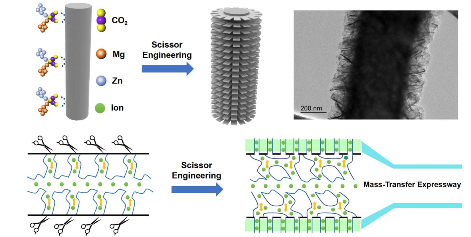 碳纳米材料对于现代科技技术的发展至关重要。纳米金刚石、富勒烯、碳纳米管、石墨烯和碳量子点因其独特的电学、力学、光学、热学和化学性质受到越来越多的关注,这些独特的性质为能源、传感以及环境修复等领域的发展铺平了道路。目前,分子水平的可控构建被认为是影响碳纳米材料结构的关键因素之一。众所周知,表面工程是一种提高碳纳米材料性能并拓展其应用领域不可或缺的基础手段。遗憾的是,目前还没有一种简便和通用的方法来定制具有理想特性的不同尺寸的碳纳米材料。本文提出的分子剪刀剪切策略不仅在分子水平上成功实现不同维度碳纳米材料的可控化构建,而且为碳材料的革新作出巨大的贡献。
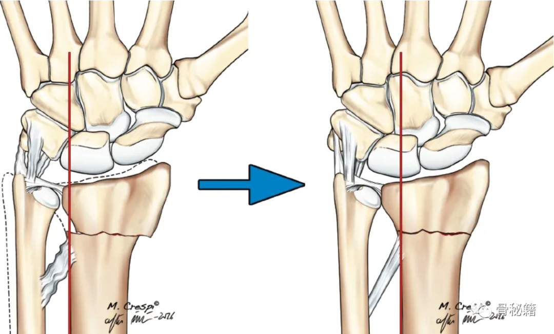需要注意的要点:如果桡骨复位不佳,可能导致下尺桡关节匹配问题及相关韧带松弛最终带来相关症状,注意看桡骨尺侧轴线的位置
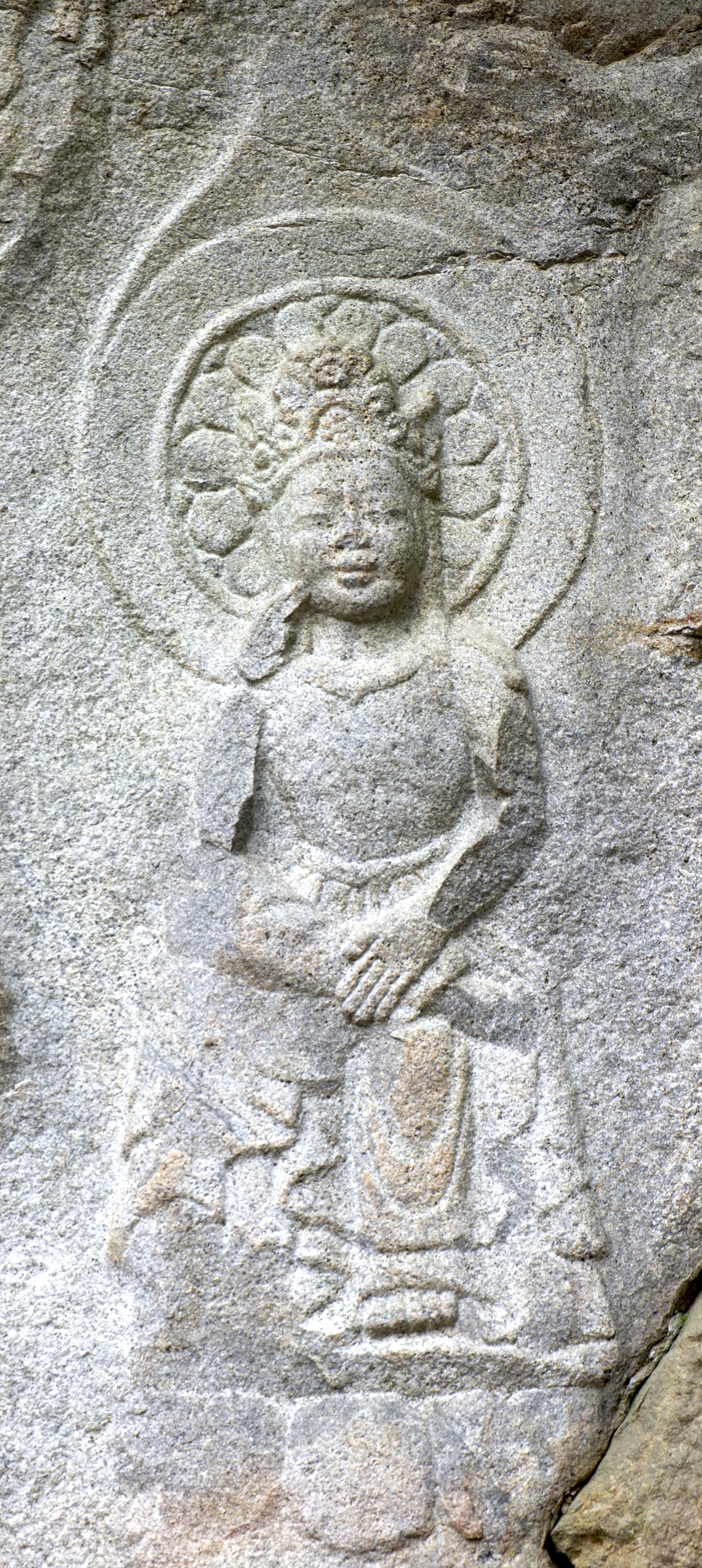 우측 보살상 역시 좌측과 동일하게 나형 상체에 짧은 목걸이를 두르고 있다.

###

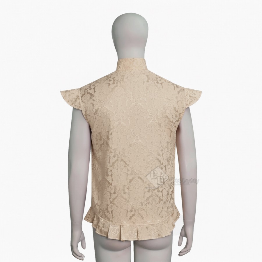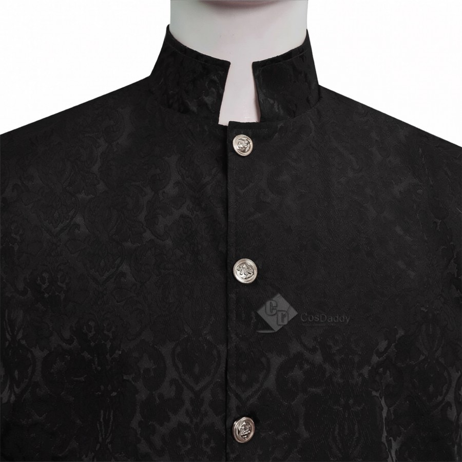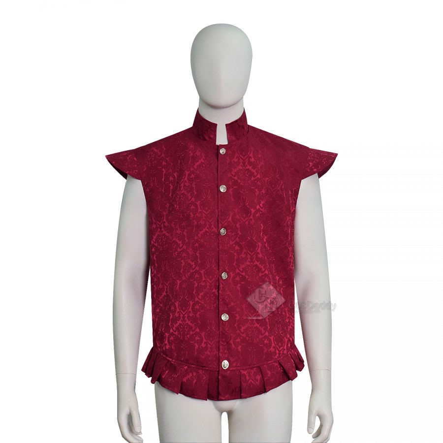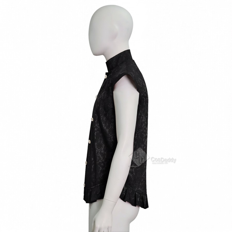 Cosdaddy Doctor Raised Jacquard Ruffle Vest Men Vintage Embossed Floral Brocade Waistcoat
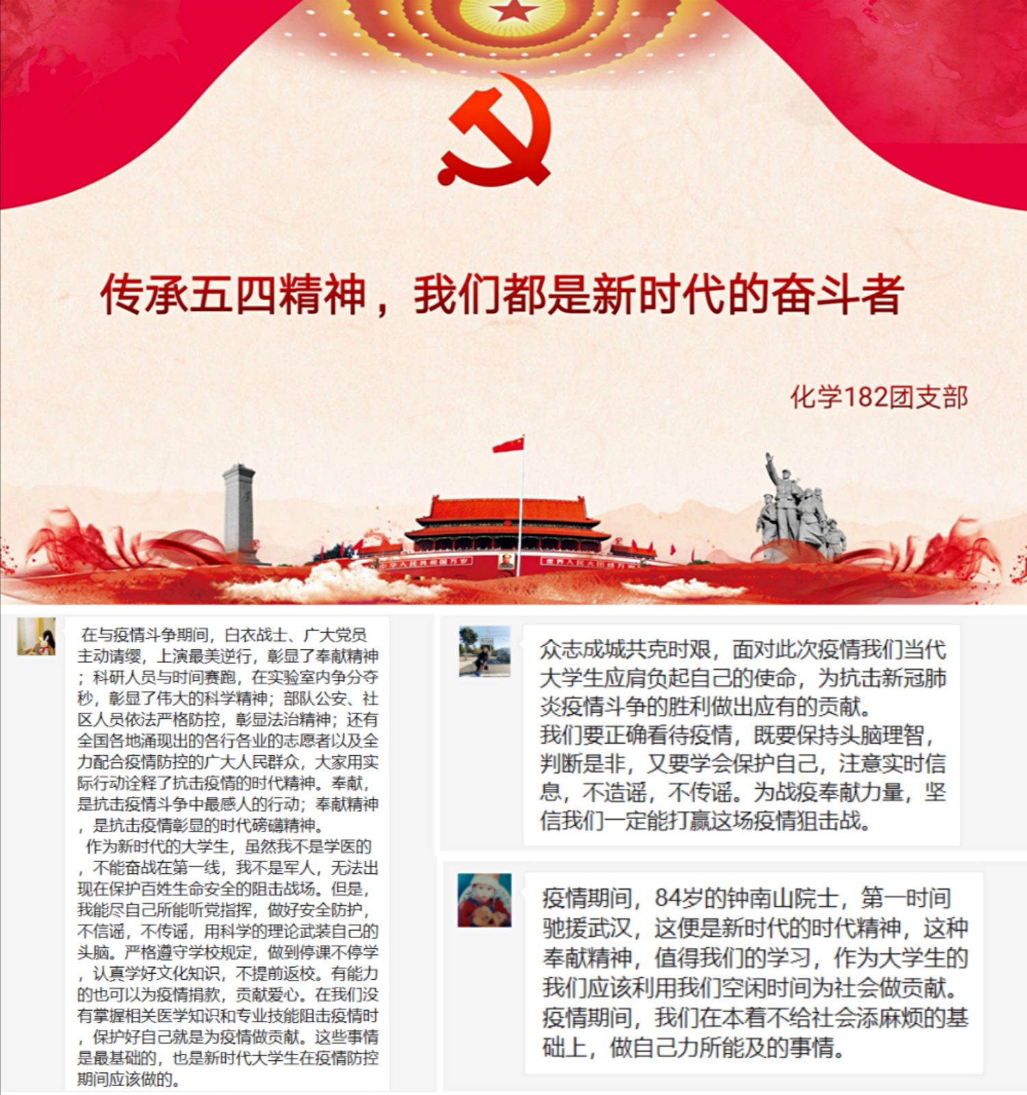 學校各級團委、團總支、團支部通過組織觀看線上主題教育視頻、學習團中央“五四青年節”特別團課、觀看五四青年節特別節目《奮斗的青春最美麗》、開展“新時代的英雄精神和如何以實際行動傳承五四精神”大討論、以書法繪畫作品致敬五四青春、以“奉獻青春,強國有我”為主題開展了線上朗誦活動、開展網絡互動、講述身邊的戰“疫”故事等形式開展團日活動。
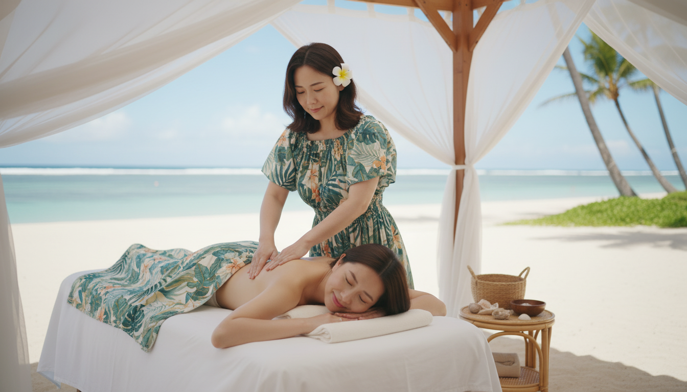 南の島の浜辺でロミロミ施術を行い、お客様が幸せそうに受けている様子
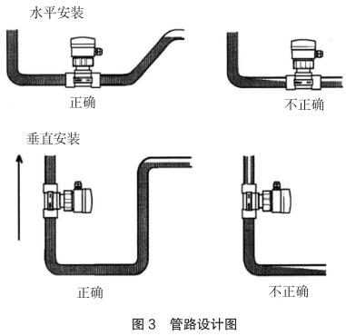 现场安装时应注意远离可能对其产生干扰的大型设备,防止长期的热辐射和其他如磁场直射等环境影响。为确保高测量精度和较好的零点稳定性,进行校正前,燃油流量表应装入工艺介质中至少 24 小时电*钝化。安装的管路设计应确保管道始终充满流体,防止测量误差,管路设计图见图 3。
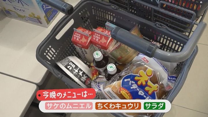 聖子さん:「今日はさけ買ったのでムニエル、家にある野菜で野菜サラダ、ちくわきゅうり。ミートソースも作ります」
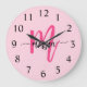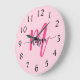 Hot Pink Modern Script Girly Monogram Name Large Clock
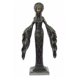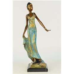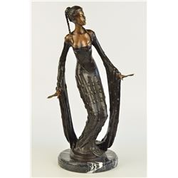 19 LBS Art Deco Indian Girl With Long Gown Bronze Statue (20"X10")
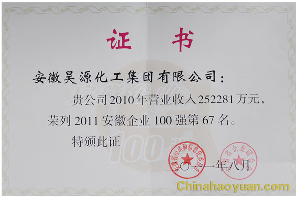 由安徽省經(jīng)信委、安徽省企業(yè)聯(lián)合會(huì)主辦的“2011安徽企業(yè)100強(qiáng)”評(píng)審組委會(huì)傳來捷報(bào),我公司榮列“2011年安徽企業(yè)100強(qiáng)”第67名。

###

◆ **Exercise**
Starting at the line above that contains "聖子さん:「今日はさけ買った", transcribe every line exactly through the line that contains "由安徽省經(jīng)信委、", including that last one, and skip the pictures.

◆ **Expected output**
 聖子さん:「今日はさけ買ったのでムニエル、家にある野菜で野菜サラダ、ちくわきゅうり。ミートソースも作ります」
 Hot Pink Modern Script Girly Monogram Name Large Clock
 19 LBS Art Deco Indian Girl With Long Gown Bronze Statue (20"X10")
 由安徽省經(jīng)信委、安徽省企業(yè)聯(lián)合會(huì)主辦的“2011安徽企業(yè)100強(qiáng)”評(píng)審組委會(huì)傳來捷報(bào),我公司榮列“2011年安徽企業(yè)100強(qiáng)”第67名。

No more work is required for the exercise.